Assignment
Answer with the exact lines of the following material from the one containing "AWM95 7/4/33 - 1-30" through the one containing "近期大热 隔扣杜兰特 投资必备", both end lines included.

Task input
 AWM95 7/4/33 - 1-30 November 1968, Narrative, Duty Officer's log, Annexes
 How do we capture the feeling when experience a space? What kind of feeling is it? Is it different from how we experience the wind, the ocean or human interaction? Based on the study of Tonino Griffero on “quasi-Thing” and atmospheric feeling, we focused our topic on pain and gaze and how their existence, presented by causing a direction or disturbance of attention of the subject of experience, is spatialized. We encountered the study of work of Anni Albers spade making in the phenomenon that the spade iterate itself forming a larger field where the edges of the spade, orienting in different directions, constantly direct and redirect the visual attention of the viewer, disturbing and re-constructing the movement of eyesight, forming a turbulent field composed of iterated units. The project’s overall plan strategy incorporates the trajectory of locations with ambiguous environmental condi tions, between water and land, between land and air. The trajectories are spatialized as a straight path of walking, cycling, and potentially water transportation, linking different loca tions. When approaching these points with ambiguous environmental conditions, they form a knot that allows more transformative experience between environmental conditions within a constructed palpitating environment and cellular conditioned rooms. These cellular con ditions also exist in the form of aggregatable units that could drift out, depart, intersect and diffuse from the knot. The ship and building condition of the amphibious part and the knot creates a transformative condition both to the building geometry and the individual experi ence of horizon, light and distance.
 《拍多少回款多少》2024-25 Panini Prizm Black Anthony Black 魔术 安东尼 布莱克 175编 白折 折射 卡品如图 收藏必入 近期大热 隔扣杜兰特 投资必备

--

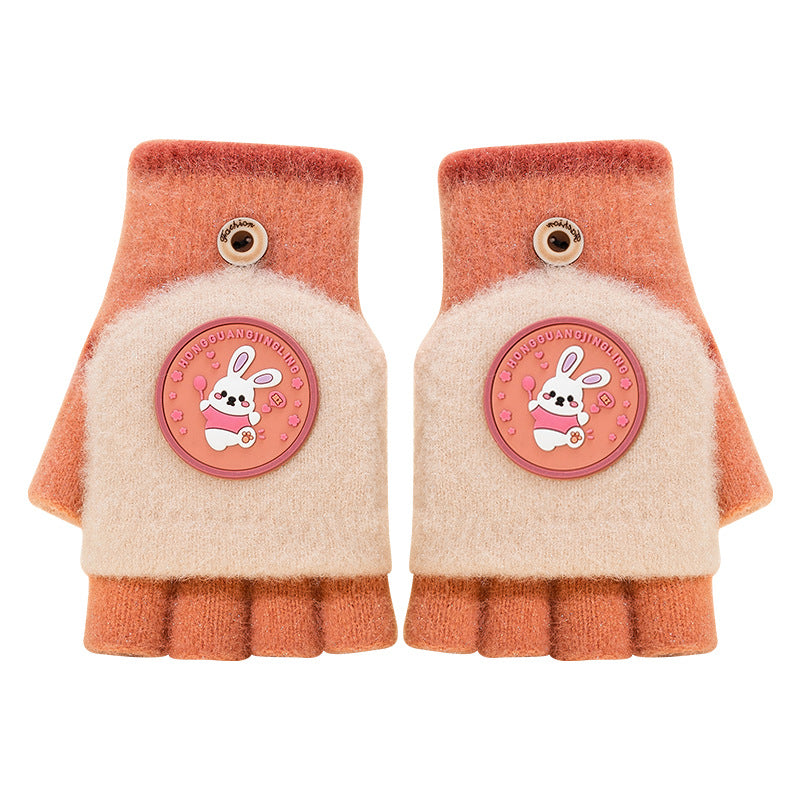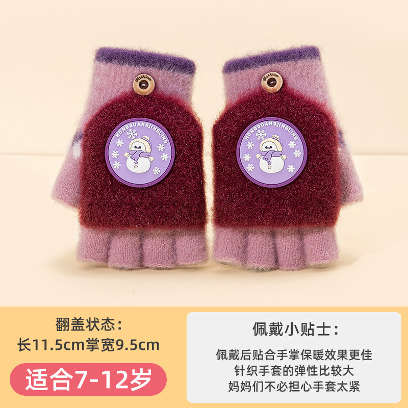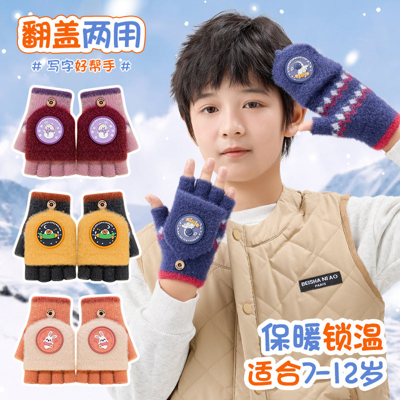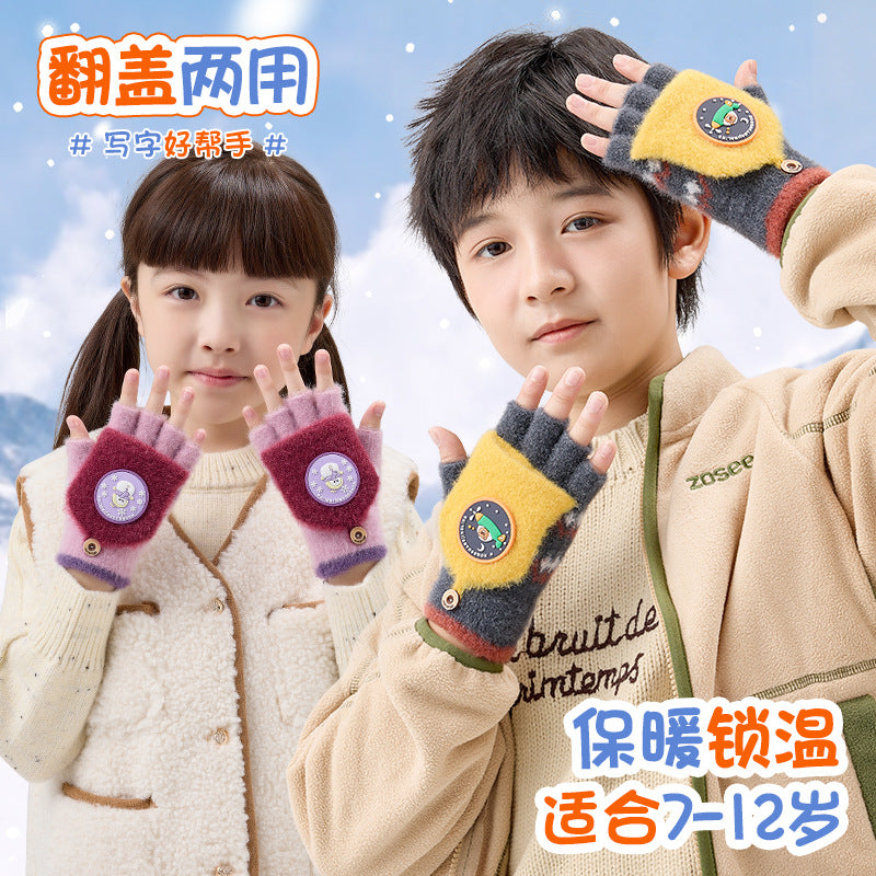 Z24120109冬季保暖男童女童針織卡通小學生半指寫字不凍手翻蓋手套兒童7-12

Answer for the task
 AWM95 7/4/33 - 1-30 November 1968, Narrative, Duty Officer's log, Annexes
 How do we capture the feeling when experience a space? What kind of feeling is it? Is it different from how we experience the wind, the ocean or human interaction? Based on the study of Tonino Griffero on “quasi-Thing” and atmospheric feeling, we focused our topic on pain and gaze and how their existence, presented by causing a direction or disturbance of attention of the subject of experience, is spatialized. We encountered the study of work of Anni Albers spade making in the phenomenon that the spade iterate itself forming a larger field where the edges of the spade, orienting in different directions, constantly direct and redirect the visual attention of the viewer, disturbing and re-constructing the movement of eyesight, forming a turbulent field composed of iterated units. The project’s overall plan strategy incorporates the trajectory of locations with ambiguous environmental condi tions, between water and land, between land and air. The trajectories are spatialized as a straight path of walking, cycling, and potentially water transportation, linking different loca tions. When approaching these points with ambiguous environmental conditions, they form a knot that allows more transformative experience between environmental conditions within a constructed palpitating environment and cellular conditioned rooms. These cellular con ditions also exist in the form of aggregatable units that could drift out, depart, intersect and diffuse from the knot. The ship and building condition of the amphibious part and the knot creates a transformative condition both to the building geometry and the individual experi ence of horizon, light and distance.
 《拍多少回款多少》2024-25 Panini Prizm Black Anthony Black 魔术 安东尼 布莱克 175编 白折 折射 卡品如图 收藏必入 近期大热 隔扣杜兰特 投资必备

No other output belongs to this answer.